18. >>> Don't Crash Es kann Sie haben sich für den Rest der Saison und das kann man von Rennen zu gewinnen verhindern ---- offensichtlich. Gerade nicht reiten wie ein Idiot, und versuchen Dinge, die Sie wahrscheinlich in sich zu verletzen enden wird. Fahren Ihre Grenzen!

19. (Worte des Pro Down Hiller Steve Peat aus der "Fundamentals" genannten DVD) "Bleiben Sie so leicht wie kann man auf dem Rad und durch die Rückseite der Steine oder grobe Abschnitte als Skateboarder Pumpen eine Rampe vert" Pumpe zu erlangen oder aufrechtzuerhalten Geschwindigkeit und Dynamik.

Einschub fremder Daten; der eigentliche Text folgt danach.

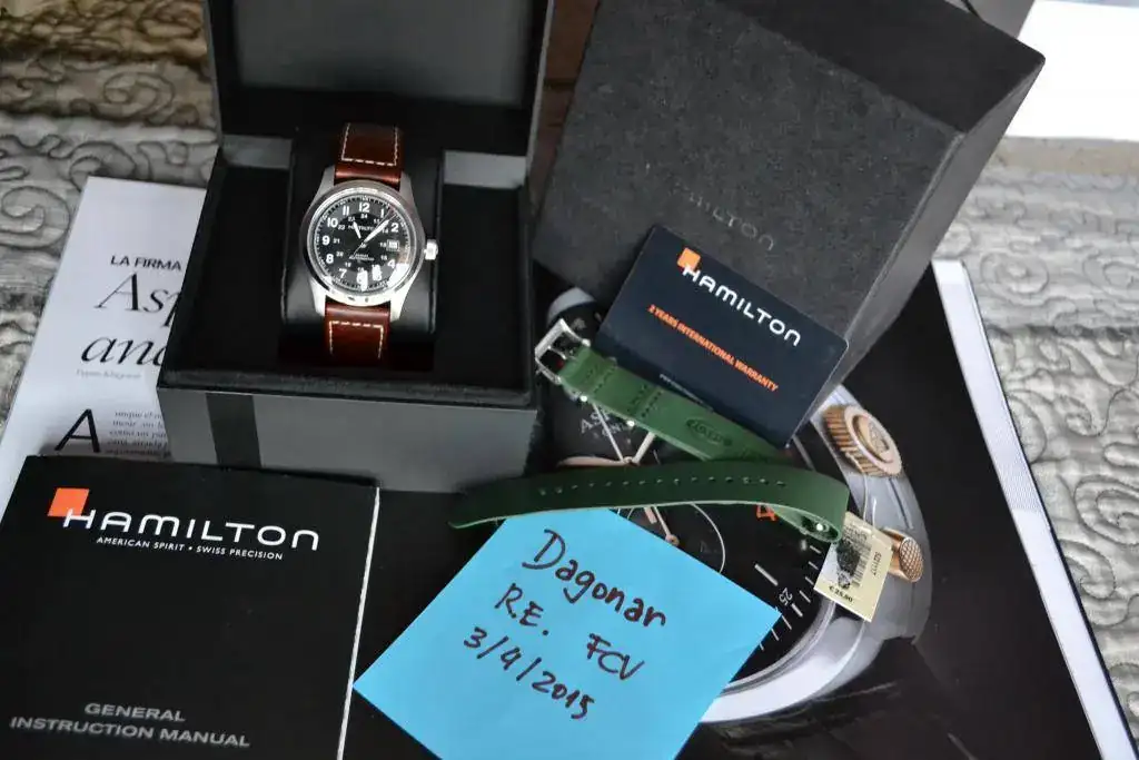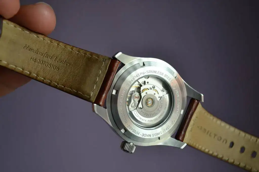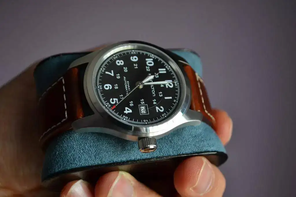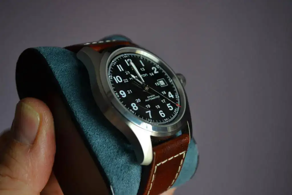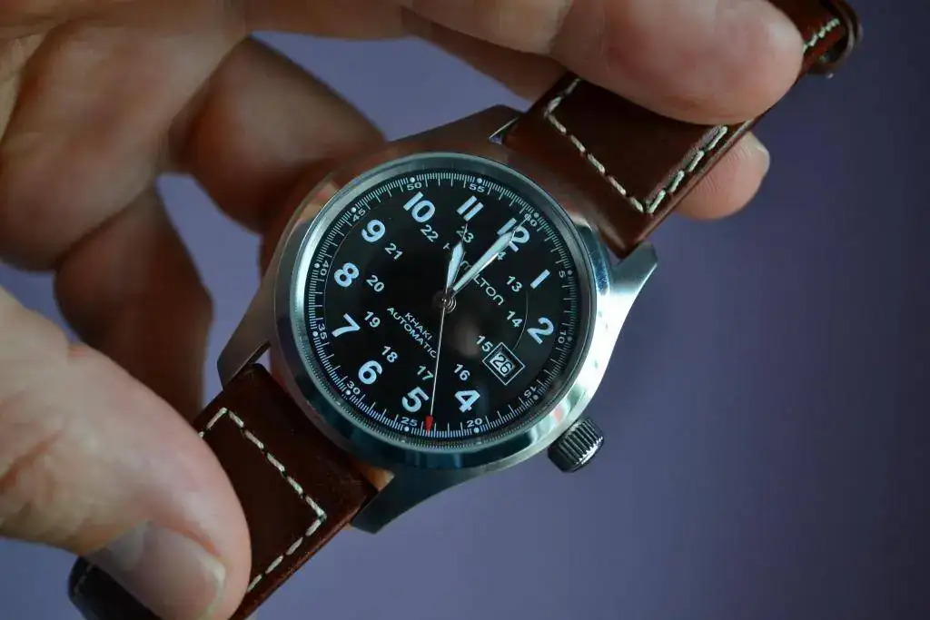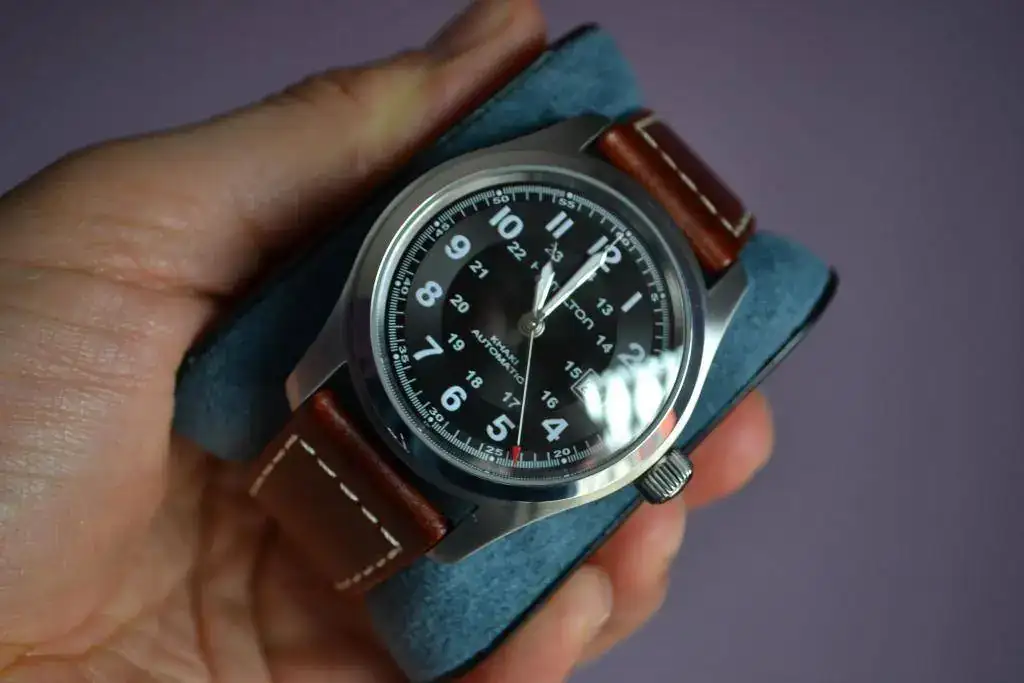 Hamilton Khaki Field de 42 con su correa de piel marrón.

20. Vertrauen Sie Ihrem Reifen während des gesamten Kurses. Wenn Sie und haben Vertrauen in die Reifen Grip glaube, die Chancen sind sie feiner Griff haben. Wenn Sie kein Vertrauen in die Reifen und glauben, dass sie Halt pflegen und Sie werden wahrscheinlich fallen, sind die Chancen sie nicht Halt und als ein Ergebnis, das Sie tatsächlich fallen wird.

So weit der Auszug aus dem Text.